# What you are asked to do
Among the entries below, one line contains "4、输入纪念日名称标题、具体日期及置顶设置选项,确认后即可成功添加纪念日记录。" and another contains "Jos on tarpeen, yläkoria". Transcribe those two lines and every line between them, exactly.

# Given records
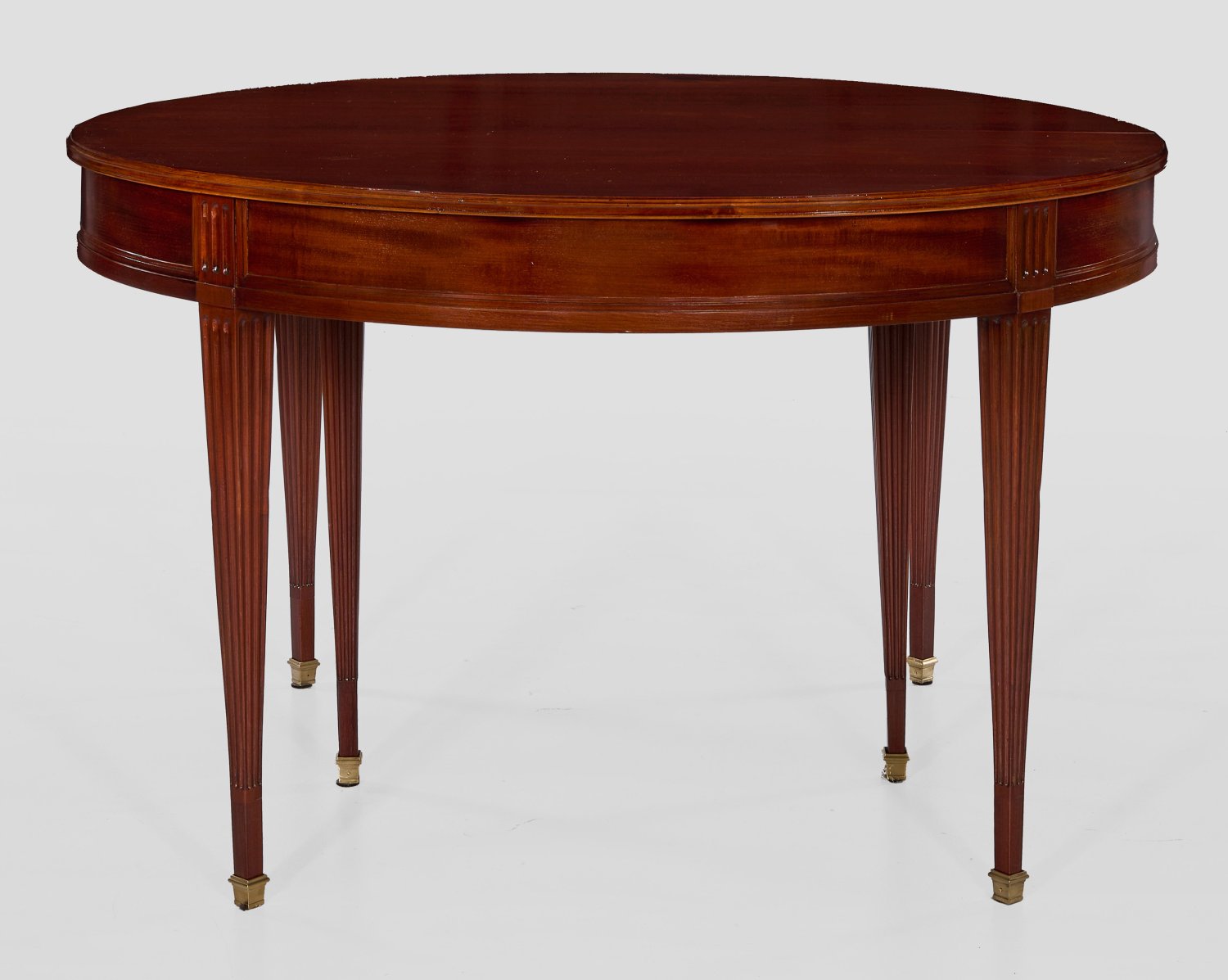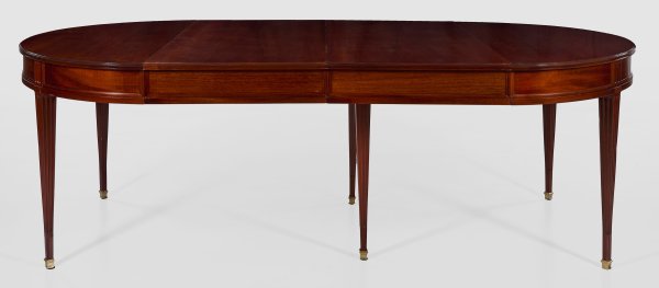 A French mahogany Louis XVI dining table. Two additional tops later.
* * *
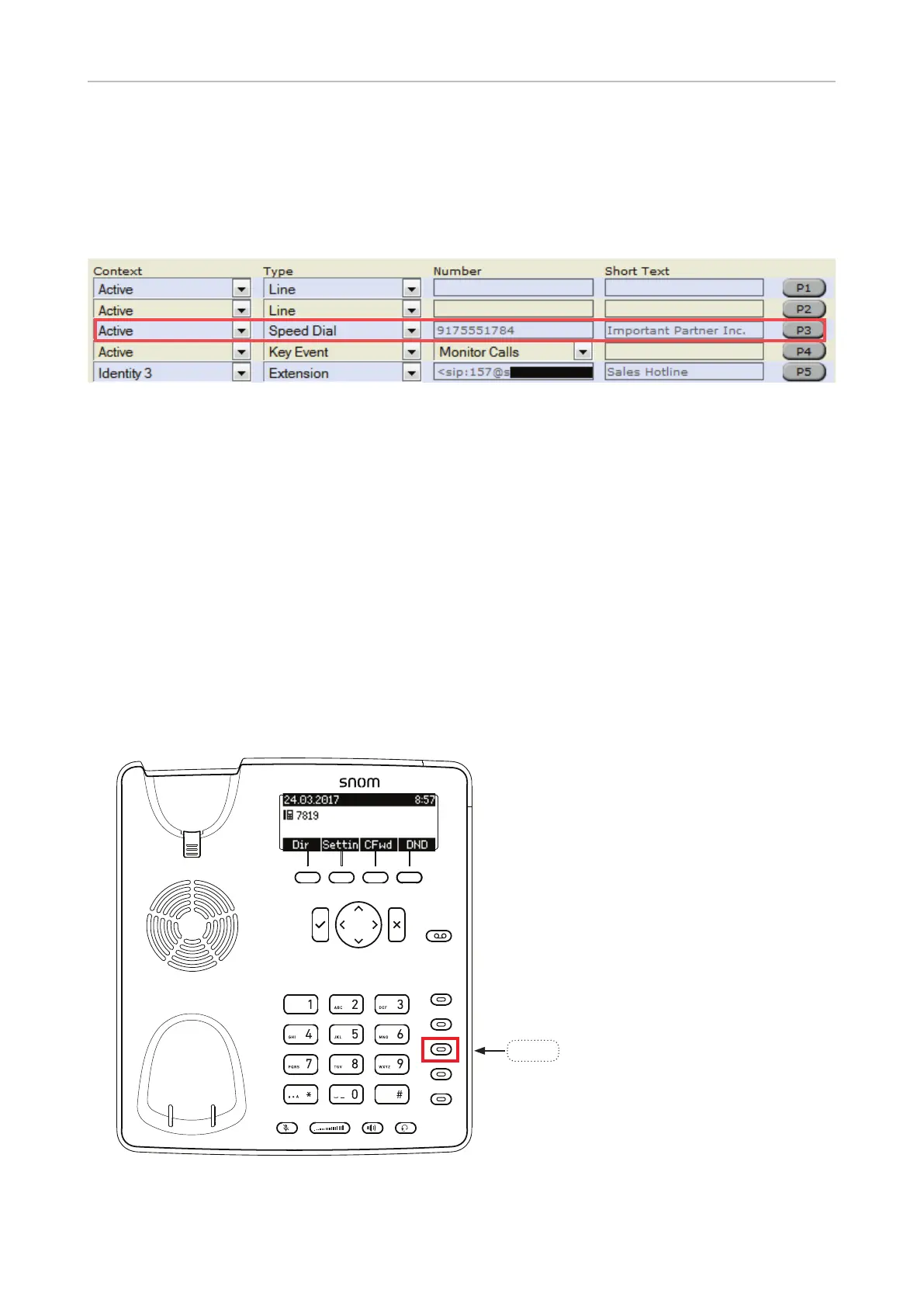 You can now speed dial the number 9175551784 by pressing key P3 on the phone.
==
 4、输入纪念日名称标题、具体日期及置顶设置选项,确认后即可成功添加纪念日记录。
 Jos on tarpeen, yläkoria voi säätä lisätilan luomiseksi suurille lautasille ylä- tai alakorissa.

# Answer to this exercise
 4、输入纪念日名称标题、具体日期及置顶设置选项,确认后即可成功添加纪念日记录。
 Jos on tarpeen, yläkoria voi säätä lisätilan luomiseksi suurille lautasille ylä- tai alakorissa.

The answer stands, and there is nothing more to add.